*What the task asks*. Although pictures appear in the data, the answer should contain only the lines from its start through the line with "冰阳绿无事牌吊坠,18k金镶", written out exactly.

*Given data*.
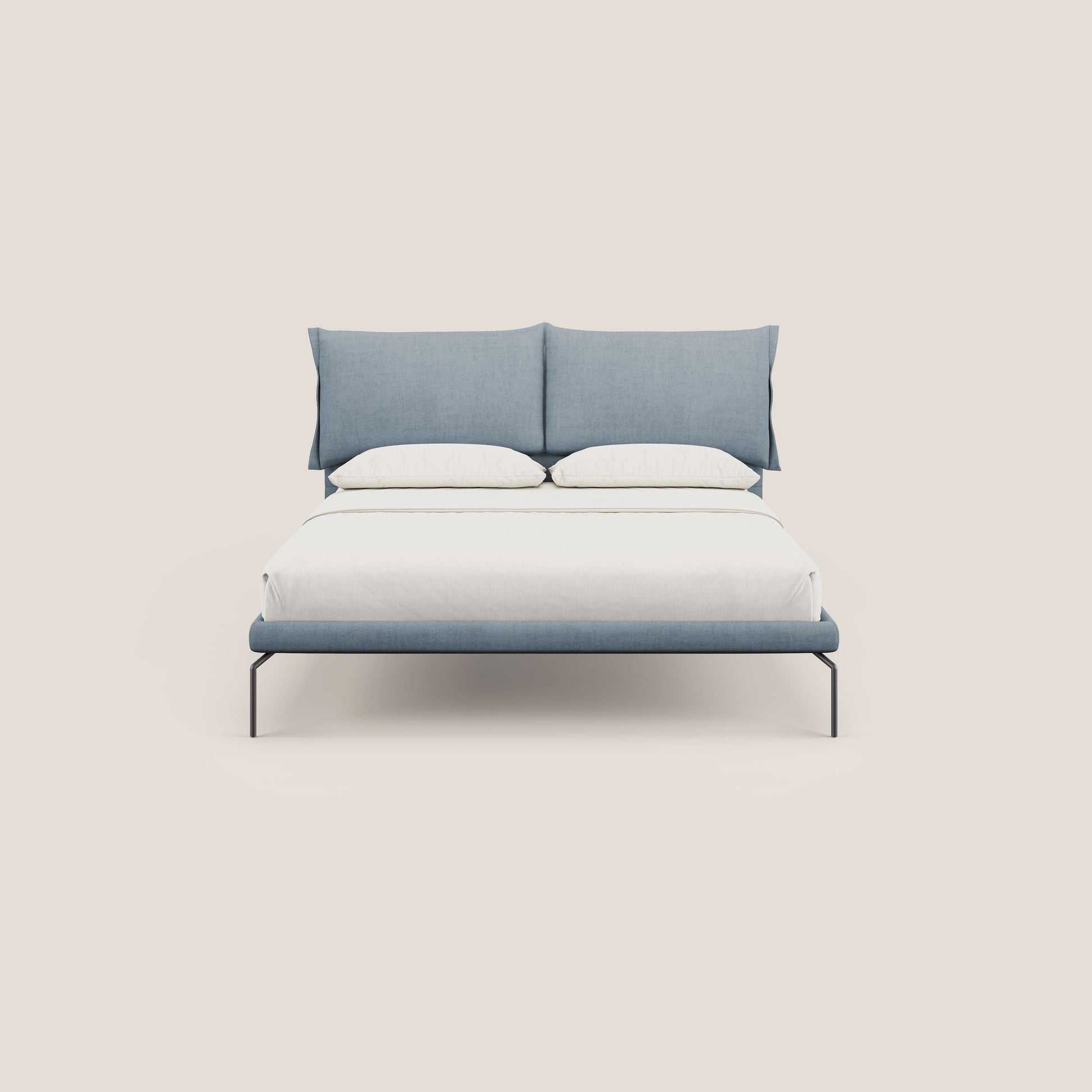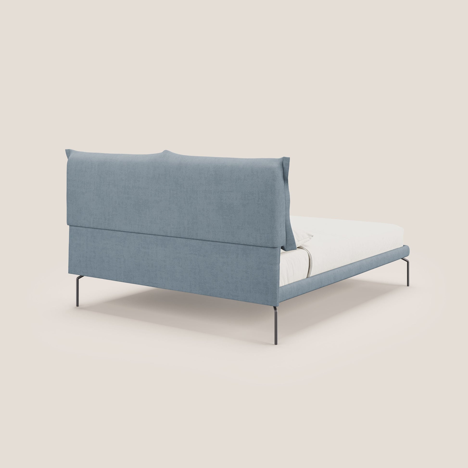 Bice letto imbottito con cuscini e piedi alti in metallo in tessuto impermeabile T02 carta da zucchero
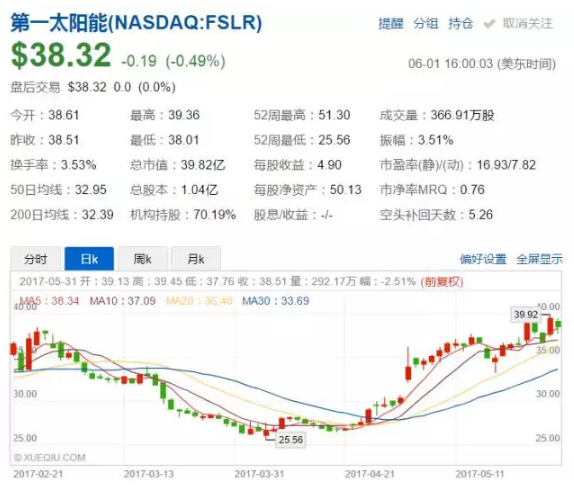 截止至2017年6月1日,第一太陽(yáng)能(代碼:FSLR)的收盤(pán)價(jià)為38.32美元,在短短兩個(gè)月的時(shí)間內(nèi),F(xiàn)SLR股價(jià)已經(jīng)從最低點(diǎn)的25.56美元反彈了50%。
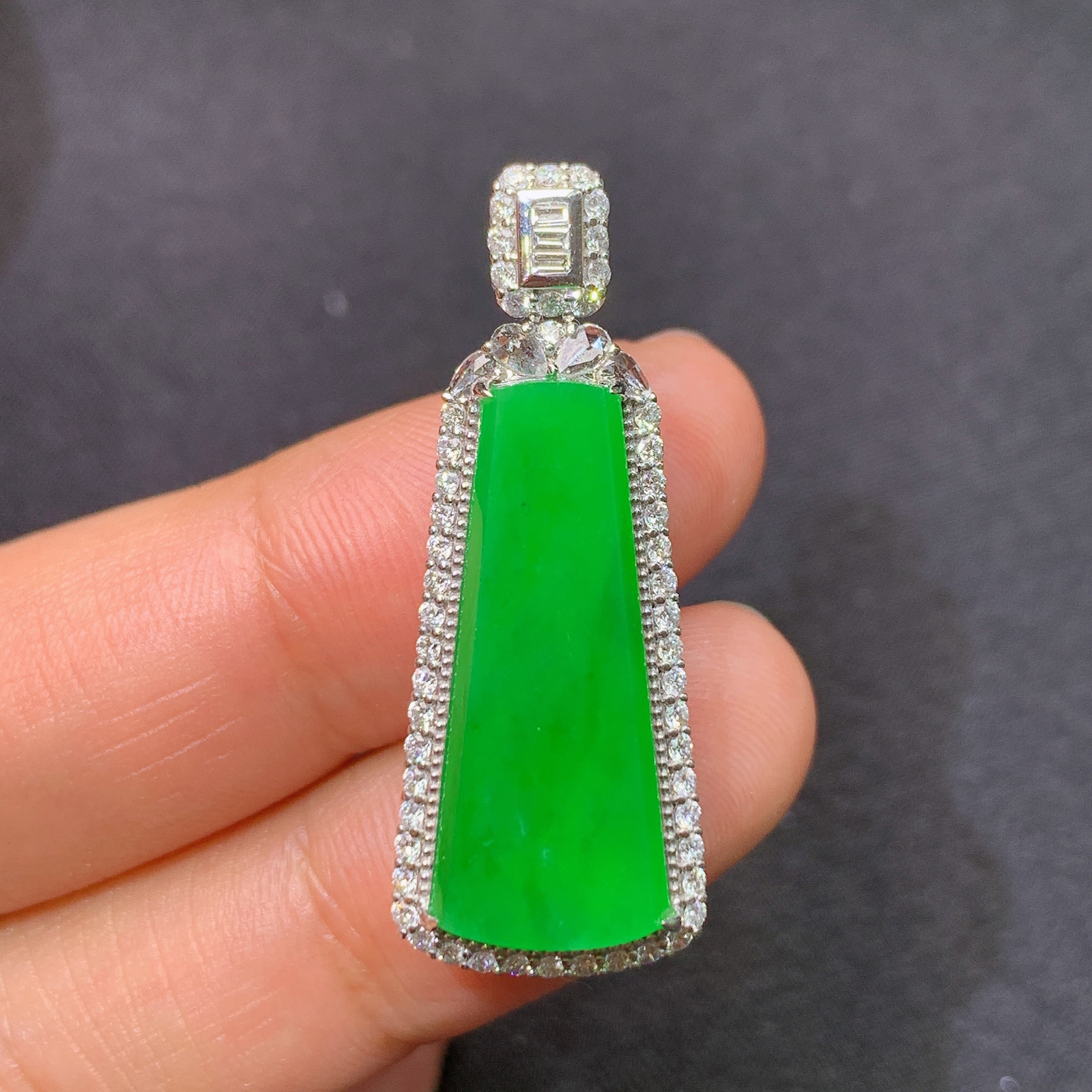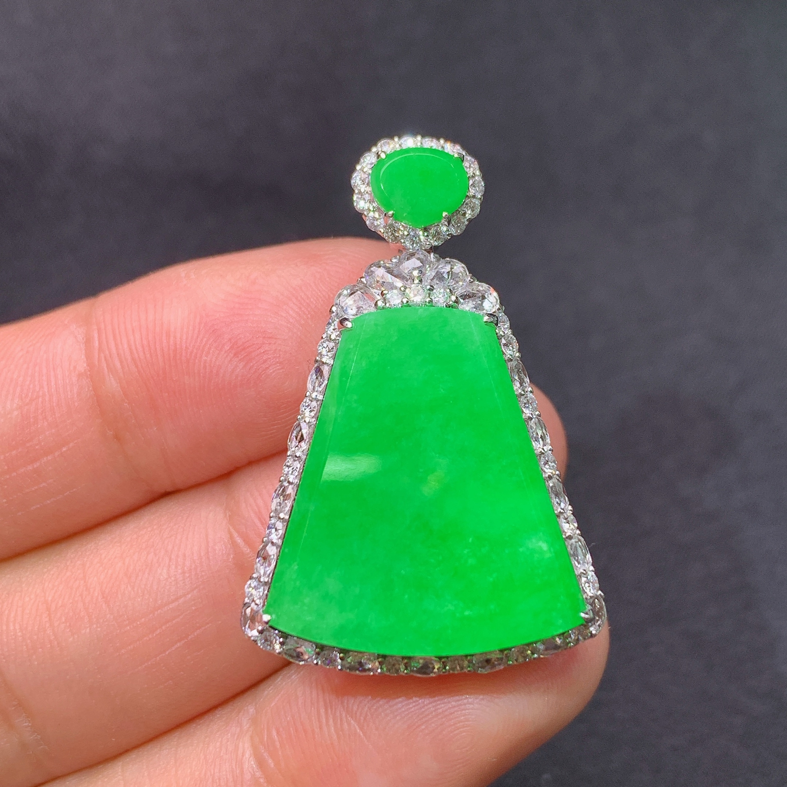 冰阳绿无事牌吊坠,18k金镶嵌,冰润色阳,种老水足,Ff 尺寸33.8*13*7.7
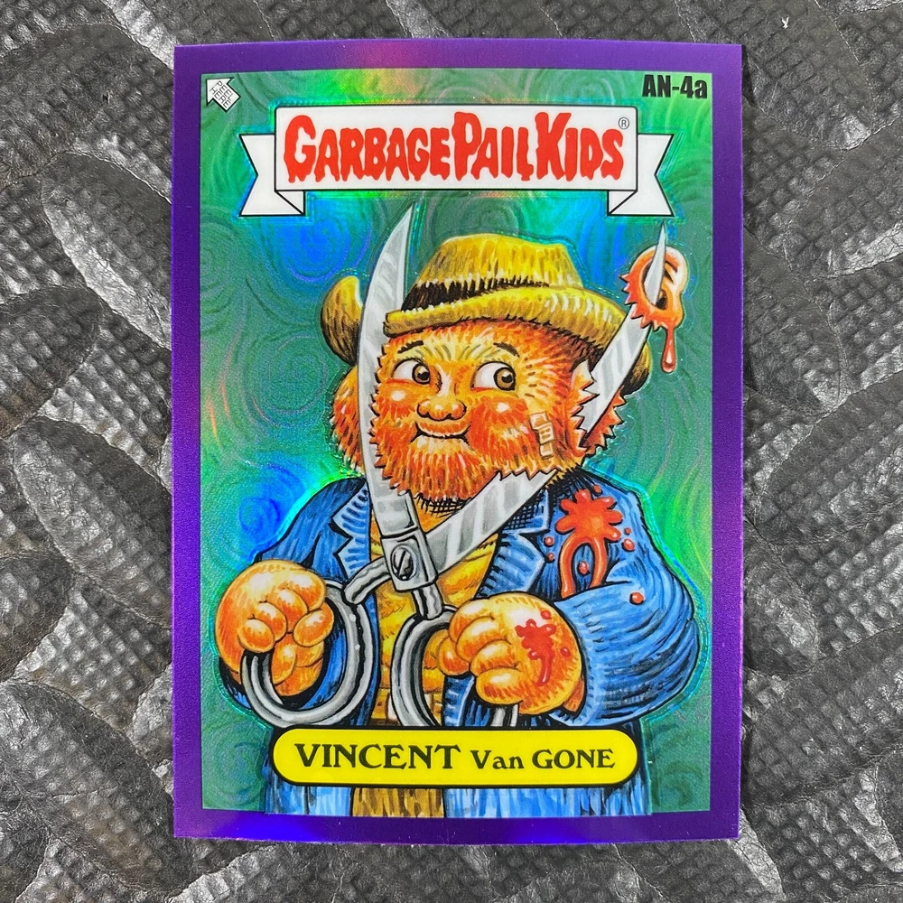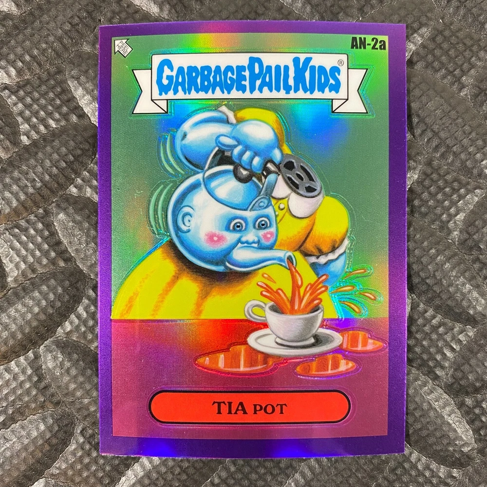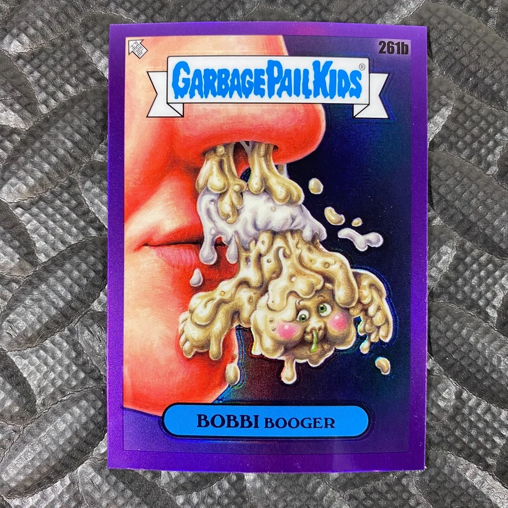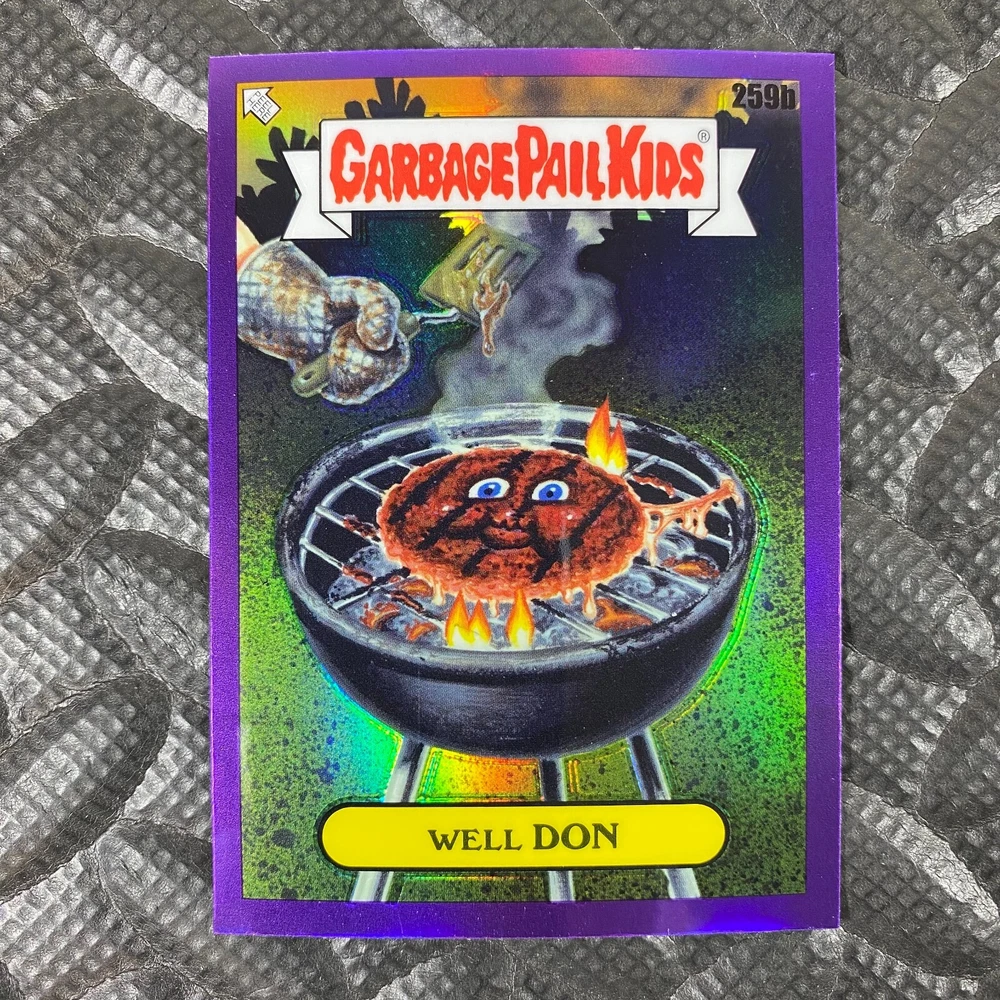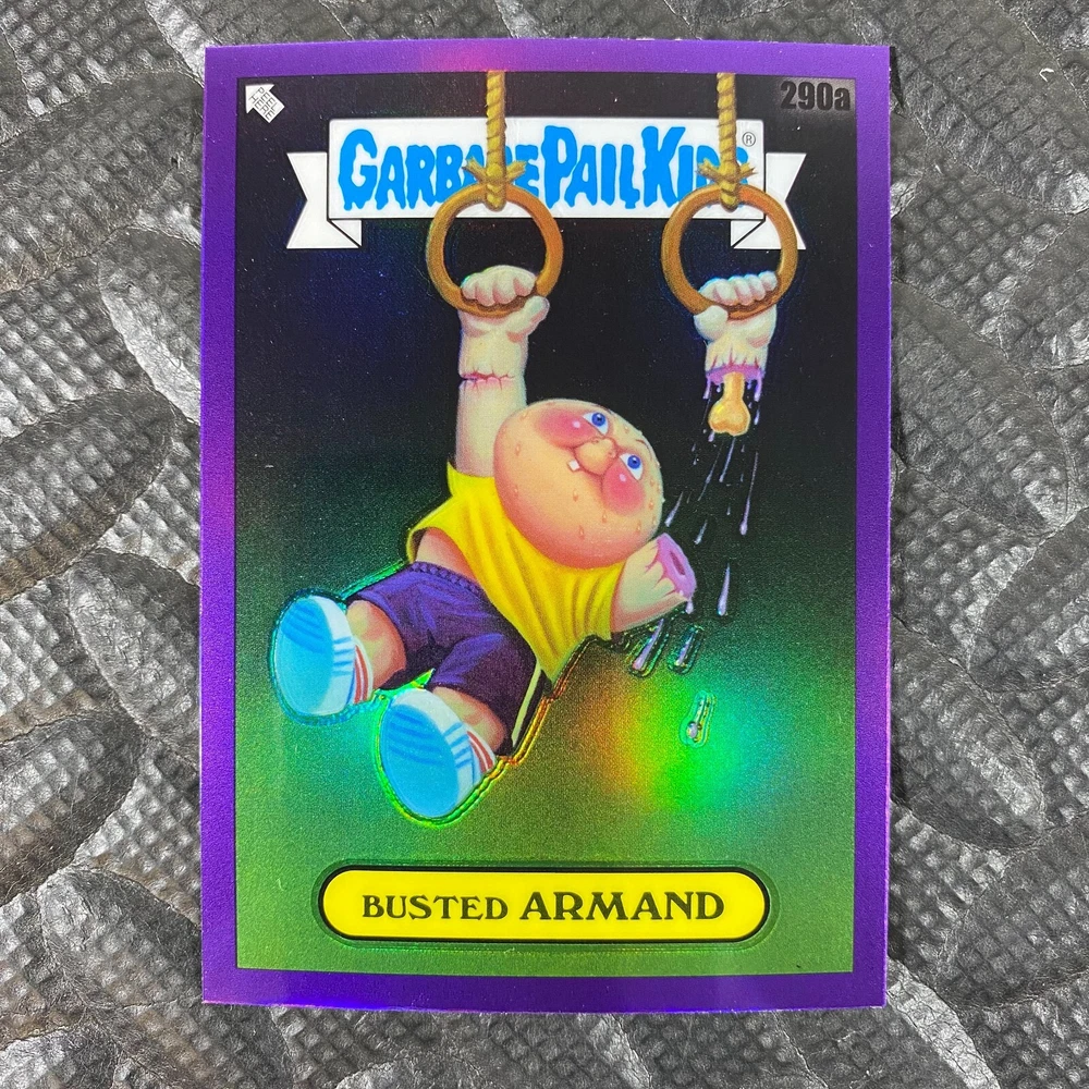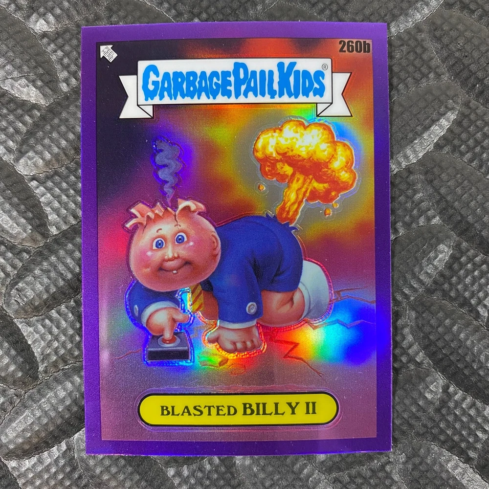 This listing is for your choice of any available 2025 Topps Garbage Pail Kids "Chrome 7" Purple Refractor card from the drop-down menu above. Check out my other listings for more single parallels from this same set. Any questions? Please ask before buying. As with all of my "pick-a-card" listings, I will be shipping with "eBay Standard Envelope". The rules of this envelope state that it cannot be too thick, so please expect your order to be packaged as follows: 1 to 6 cards will be slid into a single sleeve, the sleeve will then be slid inside of a semi-rigid Card-Saver. 7 to 12 cards will be slid into a double sleeve, 13 to 18 cards into a triple sleeve, 19 to 24 cards into a quadruple sleeve(up to six cards per sleeve). The double, triple and quadruple sleeve shipping will not have the Card-Saver. If you buy more than 1 card and want it packaged with more than 1 Card-Saver(or 1 sleeve per card), I kindly ask that you contact me before purchasing to be sure that this is possible to have it done with the stated shipping charge, or if additional shipping would be required. If you do not contact me, then you can expect to receive your order packaged as I have explained here. Please do not expect rigid top-loaders to be included, I don't normally keep a lot of them in stock, but if you message me prior to ordering I will be able to see if I have any that can be included with your order - additional shipping may be required. In order to get free combined shipping from this and any of my other "pick-a-card" listings, you must add all of your cards to the cart and check out when you are done shopping. If you do not use the cart you will be overpaying on shipping and I cannot refund you on over-payed shipping. So please use the cart and get your FREE COMBINED SHIPPING!

*Result below*.
 Bice letto imbottito con cuscini e piedi alti in metallo in tessuto impermeabile T02 carta da zucchero
 截止至2017年6月1日,第一太陽(yáng)能(代碼:FSLR)的收盤(pán)價(jià)為38.32美元,在短短兩個(gè)月的時(shí)間內(nèi),F(xiàn)SLR股價(jià)已經(jīng)從最低點(diǎn)的25.56美元反彈了50%。
 冰阳绿无事牌吊坠,18k金镶嵌,冰润色阳,种老水足,Ff 尺寸33.8*13*7.7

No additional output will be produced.